Generation Opportunity, a right-leaning group that polls youth voter sentiment, is out with a new survey this morning that reveals some troubling insight into how young Americans feel about the state of the economy.
The poll, conducted by the polling company WomanTrend, Inc. found that, out of a sample of 1,003 young adults aged 18 to 29, 89 per cent say that the poor economy is impacting their daily life, and 84 per cent of those surveyed said they have either delayed, or plan to delay, major life changes because of the weak economy.
Here are the details:
Of the 89 per cent of people surveyed who said the current state of the economy is impacting their day-today lives:
- 51% have reduced their entertainment budget.
- 43% have reduced their grocery/food budget.
- 43% have cut back on gifts for friends and family.
- 40% have skipped a vacation.
- 38% have driven less.
- 36% have taken active steps to reduce home energy costs.
- 32% have tried to find an additional job.
- 27% have sold personal items or property.
- 26% have changed their living situation.
- 17% have skipped a wedding, family reunion, or other significant social event
Of the 84 per cent who either have or will delay a major life change or purchase:
- 38% delay buying their own place.
- 32% delay going back to school/getting more education or training.
- 31% delay starting a family.
- 27% delay changing jobs/cities.
- 26% delay paying off student loans or other debt.
- 25% delay saving for retirement.
- 23% delay getting married.
The numbers are pretty staggering, and could have significant consequences for the 2012 election, according to Generation Opportunity founder Paul Conway.

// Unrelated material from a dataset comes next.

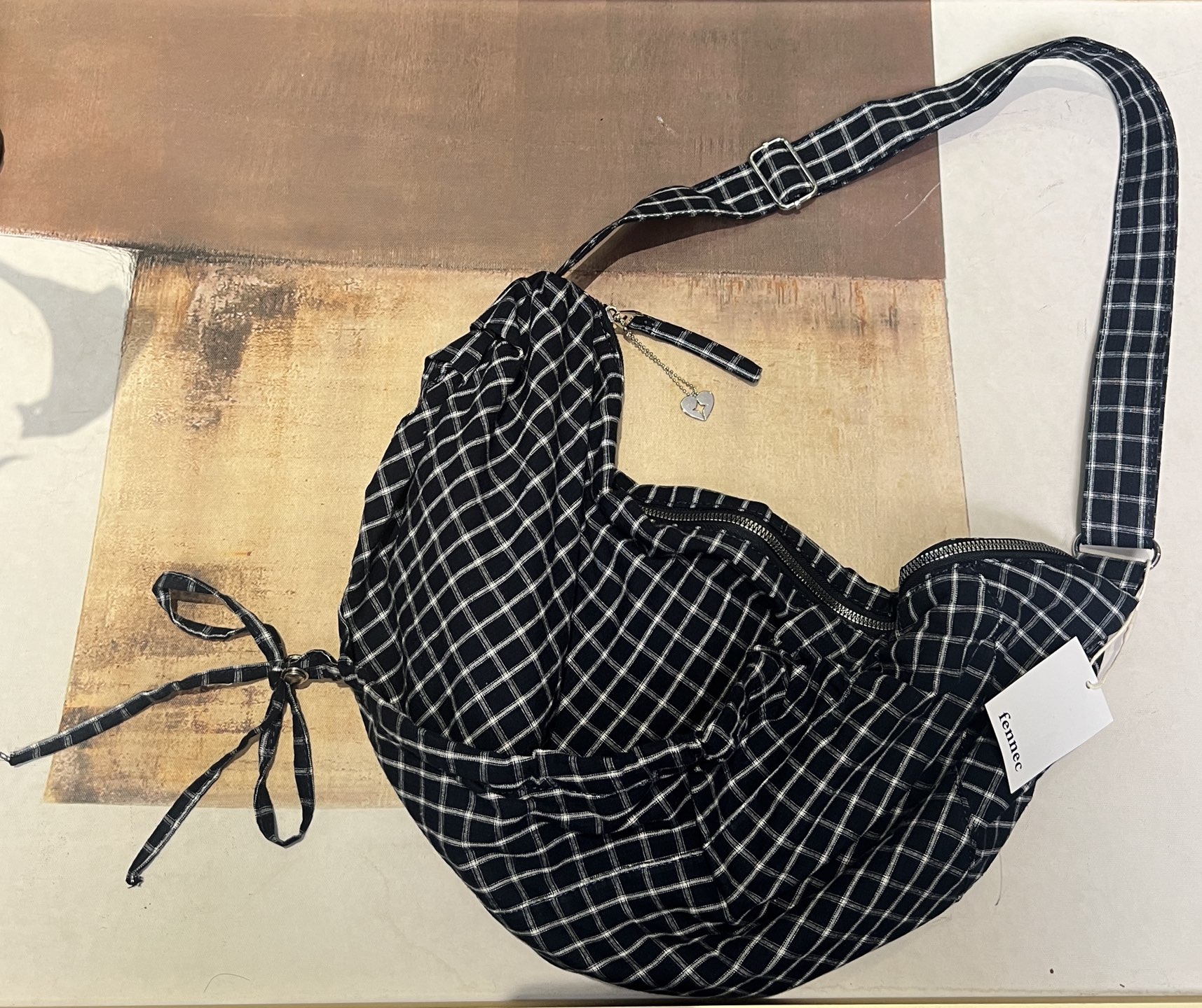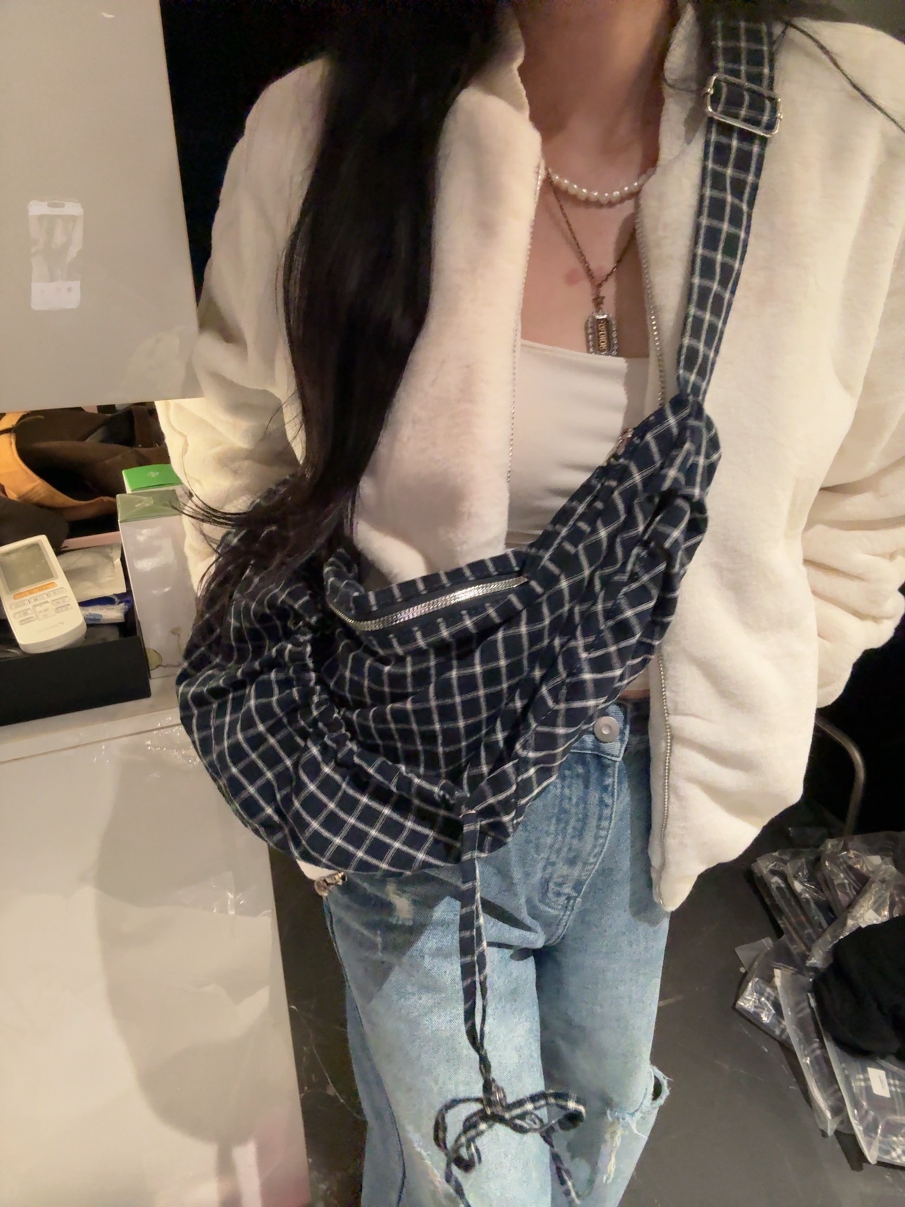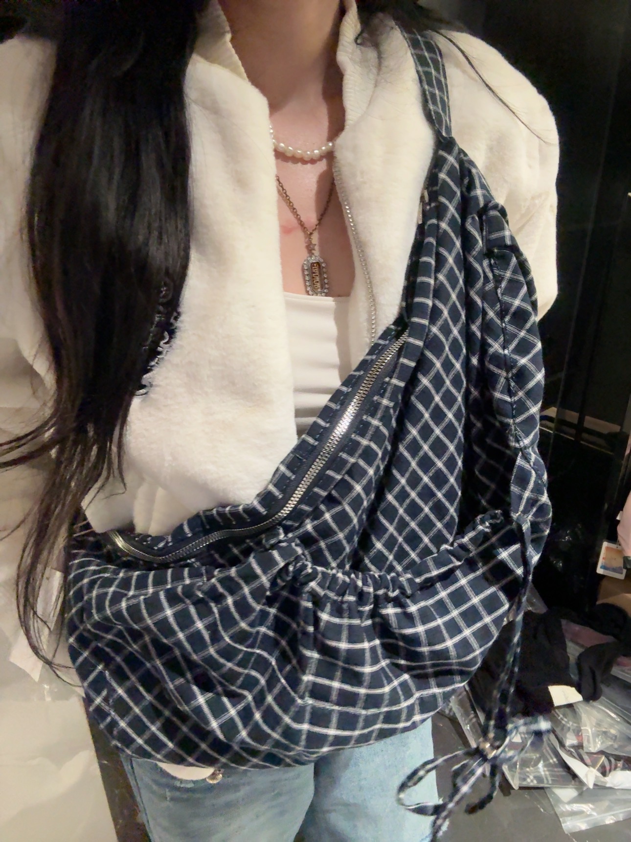 小白菜🥬好物分享!💯ZP‼️韩国🇰🇷发售价发售价 98000韩元🇰🇷 折合人名币¥528 左右!💫权顺荣同款fen&nec格纹包|小众感与实用性的双向奔赴 谁懂啊!次叔权顺荣同款的fen&nec格纹包也太戳我了😻 经典格纹自带复古滤镜,帆布材质软乎乎的,背起来随性又慵懒~ 细节控狂喜。金属爱心拉链配饰精致到骨子里,侧边抽绳设计可以自由调节包型,腋下、斜挎切换毫无压力~大容量内里能装下手机、化妆品、小本本,日常出街完全够用👏。背上它,时髦有品!小众不撞款,韩系氛围感直接拉满,谁背谁好看系列,冲就完事儿✅ 仓库现货发✈️ 纯原白菜🥬 可以装小宠物。或者妈咪包 学生包都很实用!

“The political effect, in the short term, could be profound — an entire generation has been dealing with high unemployment for over 40 months.” Conway, a former labour Department chief of staff under George W. Bush’s administration, told Business Insider. “This isn’t a Republican or Democratic issue, it really transcends party lines.”
Conway added that the most shocking finding from the poll was that 76 per cent of young voters surveyed said that they plan to vote in the 2012 election, contradicting speculation that youth enthusiasm has waned in this election cycle.
Given that only 38 per cent of young people surveyed said that they thought their political leaders represent their best interests, that enthusiasm should alarm candidates across the political spectrum.
“The message is clear,” Conway said. “If you fail to offer solutions, and if you fail to produce results, this generation of voters will hold you accountable.”